Born on his father’s farm on Rolling Road on the 25th of January in the year 1798, Nicholas Smith was a white man who helped hide and transport enslaved runaways. He was the son of Lakin Smith and Ann Dunn. By profession, Smith was a freight hauler, a person who moved goods and products, and a cooper, a person who repaired and made casks and barrels. This profession helped him obtain access to the materials and tools he needed as a conductor of the Underground Railroad. Together with his abolitionist wife Elizabeth Zimmerman Smith, his wife’s sister Susanna Zimmerman Emmart, and Susanna’s husband Caleb Emmart, he worked helped enslaved Blacks gain freedom. The Emmarts and Smiths worked hand-in-hand to free the enslaved and made a change in the county.

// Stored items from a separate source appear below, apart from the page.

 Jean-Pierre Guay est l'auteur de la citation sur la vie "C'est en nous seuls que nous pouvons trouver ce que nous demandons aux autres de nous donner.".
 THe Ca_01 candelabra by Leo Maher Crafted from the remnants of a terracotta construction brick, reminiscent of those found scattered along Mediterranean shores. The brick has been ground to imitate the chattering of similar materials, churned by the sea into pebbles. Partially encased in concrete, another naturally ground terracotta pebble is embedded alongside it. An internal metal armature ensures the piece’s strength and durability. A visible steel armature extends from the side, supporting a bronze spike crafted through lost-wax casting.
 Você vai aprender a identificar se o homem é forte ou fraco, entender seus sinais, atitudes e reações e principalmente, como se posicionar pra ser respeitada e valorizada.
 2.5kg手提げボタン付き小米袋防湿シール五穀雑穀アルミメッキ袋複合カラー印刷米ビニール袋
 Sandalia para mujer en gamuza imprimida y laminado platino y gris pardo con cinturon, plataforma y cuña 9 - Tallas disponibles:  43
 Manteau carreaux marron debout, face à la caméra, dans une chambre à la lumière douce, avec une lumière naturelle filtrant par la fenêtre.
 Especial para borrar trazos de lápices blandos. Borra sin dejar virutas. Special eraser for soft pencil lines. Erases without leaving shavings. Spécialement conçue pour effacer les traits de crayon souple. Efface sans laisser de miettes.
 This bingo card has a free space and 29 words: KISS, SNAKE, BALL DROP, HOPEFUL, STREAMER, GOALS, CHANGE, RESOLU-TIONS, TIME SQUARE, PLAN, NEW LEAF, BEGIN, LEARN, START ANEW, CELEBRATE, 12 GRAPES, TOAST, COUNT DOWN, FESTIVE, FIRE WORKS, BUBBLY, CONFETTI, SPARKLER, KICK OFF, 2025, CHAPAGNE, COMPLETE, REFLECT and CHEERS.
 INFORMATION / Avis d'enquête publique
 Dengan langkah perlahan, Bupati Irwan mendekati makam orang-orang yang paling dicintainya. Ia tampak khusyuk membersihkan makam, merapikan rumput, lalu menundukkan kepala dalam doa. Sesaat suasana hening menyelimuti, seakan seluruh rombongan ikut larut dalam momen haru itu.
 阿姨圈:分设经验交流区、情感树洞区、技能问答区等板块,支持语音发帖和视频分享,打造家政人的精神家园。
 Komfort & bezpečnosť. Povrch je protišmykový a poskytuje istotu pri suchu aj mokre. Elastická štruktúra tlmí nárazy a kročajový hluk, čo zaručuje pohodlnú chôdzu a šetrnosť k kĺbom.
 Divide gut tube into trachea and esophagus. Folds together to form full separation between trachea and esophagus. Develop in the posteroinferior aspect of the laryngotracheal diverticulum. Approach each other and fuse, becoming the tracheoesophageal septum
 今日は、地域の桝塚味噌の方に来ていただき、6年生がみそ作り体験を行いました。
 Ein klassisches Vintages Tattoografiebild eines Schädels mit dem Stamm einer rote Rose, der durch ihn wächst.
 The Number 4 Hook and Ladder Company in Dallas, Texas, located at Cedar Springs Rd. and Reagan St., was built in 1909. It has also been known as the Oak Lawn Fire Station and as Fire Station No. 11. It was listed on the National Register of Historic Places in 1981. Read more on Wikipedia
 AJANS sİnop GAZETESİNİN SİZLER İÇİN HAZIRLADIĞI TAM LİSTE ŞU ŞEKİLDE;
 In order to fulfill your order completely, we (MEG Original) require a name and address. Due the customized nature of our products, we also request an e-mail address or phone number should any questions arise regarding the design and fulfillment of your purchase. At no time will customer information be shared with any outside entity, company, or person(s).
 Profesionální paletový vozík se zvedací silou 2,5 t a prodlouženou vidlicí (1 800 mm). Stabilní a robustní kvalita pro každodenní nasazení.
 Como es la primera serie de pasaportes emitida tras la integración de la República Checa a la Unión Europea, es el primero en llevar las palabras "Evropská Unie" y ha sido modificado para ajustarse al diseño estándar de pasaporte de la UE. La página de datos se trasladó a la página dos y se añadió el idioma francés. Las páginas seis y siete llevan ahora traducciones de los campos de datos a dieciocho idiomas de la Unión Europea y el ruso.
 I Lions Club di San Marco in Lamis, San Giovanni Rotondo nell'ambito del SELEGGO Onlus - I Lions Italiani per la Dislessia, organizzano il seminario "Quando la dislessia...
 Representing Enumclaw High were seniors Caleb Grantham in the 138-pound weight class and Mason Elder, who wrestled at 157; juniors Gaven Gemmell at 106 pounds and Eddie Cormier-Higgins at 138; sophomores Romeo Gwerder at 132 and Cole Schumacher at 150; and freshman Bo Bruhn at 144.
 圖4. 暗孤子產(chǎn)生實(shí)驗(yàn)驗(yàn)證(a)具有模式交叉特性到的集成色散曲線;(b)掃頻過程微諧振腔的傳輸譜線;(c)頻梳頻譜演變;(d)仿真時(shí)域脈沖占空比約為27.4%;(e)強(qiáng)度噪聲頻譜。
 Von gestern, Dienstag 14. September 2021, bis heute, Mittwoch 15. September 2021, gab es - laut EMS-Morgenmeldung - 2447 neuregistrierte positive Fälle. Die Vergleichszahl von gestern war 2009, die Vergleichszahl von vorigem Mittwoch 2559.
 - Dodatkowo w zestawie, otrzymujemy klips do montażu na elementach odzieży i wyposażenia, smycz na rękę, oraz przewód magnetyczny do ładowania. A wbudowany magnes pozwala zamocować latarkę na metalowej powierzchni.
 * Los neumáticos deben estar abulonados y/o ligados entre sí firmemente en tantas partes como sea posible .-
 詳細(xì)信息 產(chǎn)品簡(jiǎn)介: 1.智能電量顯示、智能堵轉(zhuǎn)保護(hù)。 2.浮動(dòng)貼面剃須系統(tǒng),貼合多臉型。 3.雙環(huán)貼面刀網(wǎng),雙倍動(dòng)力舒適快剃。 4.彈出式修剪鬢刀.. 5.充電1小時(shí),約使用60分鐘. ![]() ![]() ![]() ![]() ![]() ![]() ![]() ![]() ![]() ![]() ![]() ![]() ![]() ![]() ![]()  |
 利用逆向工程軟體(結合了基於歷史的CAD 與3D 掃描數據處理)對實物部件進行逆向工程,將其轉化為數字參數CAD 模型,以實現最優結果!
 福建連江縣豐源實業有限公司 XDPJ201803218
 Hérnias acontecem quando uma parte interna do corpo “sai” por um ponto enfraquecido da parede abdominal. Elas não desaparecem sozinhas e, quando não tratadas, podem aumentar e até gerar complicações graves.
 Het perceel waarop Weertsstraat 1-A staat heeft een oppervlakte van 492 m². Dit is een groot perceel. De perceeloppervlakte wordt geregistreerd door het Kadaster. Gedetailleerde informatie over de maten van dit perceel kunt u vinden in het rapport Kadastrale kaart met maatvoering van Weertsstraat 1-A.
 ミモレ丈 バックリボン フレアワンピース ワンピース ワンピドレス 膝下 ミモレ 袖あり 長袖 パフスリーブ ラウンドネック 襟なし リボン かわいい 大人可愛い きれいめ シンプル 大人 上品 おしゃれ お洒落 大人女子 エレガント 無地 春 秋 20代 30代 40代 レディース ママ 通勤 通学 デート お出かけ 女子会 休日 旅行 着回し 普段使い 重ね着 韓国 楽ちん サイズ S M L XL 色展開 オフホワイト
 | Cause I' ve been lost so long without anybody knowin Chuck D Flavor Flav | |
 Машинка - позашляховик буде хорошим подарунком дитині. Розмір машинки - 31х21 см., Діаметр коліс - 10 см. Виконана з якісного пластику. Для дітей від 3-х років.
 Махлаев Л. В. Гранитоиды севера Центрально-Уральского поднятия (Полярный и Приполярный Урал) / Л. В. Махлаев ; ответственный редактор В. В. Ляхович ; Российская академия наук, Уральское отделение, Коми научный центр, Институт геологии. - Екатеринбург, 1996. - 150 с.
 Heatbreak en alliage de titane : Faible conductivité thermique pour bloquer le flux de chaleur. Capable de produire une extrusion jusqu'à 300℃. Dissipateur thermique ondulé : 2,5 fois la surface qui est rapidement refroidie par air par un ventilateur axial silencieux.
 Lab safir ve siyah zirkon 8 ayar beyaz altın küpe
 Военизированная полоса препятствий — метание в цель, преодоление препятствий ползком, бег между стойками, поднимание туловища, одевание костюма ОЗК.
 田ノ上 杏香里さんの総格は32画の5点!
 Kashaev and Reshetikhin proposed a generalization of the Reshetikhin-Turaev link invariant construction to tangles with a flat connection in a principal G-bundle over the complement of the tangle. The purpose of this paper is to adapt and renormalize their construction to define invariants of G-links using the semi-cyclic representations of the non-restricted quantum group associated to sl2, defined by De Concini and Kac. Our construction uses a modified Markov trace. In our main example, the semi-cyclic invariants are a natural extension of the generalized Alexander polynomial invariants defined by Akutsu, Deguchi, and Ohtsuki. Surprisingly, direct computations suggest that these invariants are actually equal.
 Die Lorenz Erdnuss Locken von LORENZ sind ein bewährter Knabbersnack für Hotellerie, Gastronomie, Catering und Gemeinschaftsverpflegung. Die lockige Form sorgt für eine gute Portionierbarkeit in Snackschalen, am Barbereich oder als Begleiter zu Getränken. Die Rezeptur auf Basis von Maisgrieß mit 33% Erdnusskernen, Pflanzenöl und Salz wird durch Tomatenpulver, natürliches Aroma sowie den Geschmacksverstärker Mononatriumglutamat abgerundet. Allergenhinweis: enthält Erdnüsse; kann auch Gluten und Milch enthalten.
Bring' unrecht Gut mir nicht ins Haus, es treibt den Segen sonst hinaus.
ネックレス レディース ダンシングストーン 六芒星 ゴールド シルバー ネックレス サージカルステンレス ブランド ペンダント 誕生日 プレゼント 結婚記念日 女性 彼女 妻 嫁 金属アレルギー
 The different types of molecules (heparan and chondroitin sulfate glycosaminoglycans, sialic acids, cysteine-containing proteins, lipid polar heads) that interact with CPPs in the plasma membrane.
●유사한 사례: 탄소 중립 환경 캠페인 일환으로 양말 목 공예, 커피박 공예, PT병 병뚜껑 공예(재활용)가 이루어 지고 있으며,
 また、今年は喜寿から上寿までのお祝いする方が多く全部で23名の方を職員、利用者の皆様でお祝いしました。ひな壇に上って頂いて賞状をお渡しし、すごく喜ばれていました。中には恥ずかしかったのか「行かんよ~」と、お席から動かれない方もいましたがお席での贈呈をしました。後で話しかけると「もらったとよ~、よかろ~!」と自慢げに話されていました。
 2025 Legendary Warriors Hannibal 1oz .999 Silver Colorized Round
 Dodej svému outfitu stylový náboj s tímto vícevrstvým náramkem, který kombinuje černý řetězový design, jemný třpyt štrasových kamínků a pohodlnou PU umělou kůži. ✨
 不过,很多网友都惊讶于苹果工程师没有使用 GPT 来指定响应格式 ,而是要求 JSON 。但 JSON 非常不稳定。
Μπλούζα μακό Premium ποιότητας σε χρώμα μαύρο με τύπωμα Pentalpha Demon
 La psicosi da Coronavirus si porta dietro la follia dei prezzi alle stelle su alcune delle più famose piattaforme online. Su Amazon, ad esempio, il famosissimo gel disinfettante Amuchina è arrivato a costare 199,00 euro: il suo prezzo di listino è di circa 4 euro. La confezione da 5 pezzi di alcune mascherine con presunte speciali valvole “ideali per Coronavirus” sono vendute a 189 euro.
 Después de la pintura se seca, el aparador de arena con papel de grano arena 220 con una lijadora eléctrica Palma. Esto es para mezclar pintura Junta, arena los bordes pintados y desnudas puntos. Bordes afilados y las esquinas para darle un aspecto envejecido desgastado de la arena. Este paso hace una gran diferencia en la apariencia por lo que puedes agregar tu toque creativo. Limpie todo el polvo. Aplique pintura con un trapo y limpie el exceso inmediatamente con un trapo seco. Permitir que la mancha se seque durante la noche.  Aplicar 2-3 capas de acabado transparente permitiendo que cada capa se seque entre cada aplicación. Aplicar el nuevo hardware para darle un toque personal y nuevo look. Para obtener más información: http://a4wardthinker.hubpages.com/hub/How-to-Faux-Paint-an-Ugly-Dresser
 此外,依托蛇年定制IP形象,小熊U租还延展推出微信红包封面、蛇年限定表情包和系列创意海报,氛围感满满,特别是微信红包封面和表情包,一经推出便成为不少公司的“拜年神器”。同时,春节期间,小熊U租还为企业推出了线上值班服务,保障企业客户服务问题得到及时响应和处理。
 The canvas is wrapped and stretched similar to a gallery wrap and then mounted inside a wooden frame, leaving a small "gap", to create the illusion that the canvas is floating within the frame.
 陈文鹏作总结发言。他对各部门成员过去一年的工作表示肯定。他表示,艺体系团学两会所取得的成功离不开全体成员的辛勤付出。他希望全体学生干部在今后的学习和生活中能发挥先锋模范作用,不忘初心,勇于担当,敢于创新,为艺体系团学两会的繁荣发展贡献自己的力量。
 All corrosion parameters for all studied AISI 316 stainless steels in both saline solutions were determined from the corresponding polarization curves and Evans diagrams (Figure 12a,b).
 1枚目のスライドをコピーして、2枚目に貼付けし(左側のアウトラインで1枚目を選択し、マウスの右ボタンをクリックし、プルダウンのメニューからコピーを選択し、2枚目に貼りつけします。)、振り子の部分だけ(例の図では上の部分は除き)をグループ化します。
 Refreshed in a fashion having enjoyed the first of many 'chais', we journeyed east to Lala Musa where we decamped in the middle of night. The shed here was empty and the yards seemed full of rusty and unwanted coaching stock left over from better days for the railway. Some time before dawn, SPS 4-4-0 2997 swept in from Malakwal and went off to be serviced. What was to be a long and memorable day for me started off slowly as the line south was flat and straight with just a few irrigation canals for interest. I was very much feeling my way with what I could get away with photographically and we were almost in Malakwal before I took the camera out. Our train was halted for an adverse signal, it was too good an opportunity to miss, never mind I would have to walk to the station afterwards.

According to a 2001 Baltimore Sun article, halfway through the 19th century, Smith bought property on both sides of Featherbed Lane at a cost of about $5 per acre. On this same property, he owned a house that then became an Underground Railroad location. Before being unfortunately destroyed, there also stood a log-and-stone building that was once a part of Smith’s home. As a conductor on the Underground Railroad, Smith safely led enslaved runaways from station to station. Using his cooper’s shop, Smith also hid enslaved runaways in barrels and transported them without being caught. Because Smith and Joshua Meekins, his son-in-law, were so cautious, not many knew of their secret endeavors until the latter half of the 1900s.
On October 6, 1873, at the age of 75, Smith passed away leaving his land to be divided among his 11 children. Buried in the Smith family graveyard, his burial site can be found in a forest area behind a private home near the Nasam and Rona Roads, just a short walk from the south of Windsor Mill Road.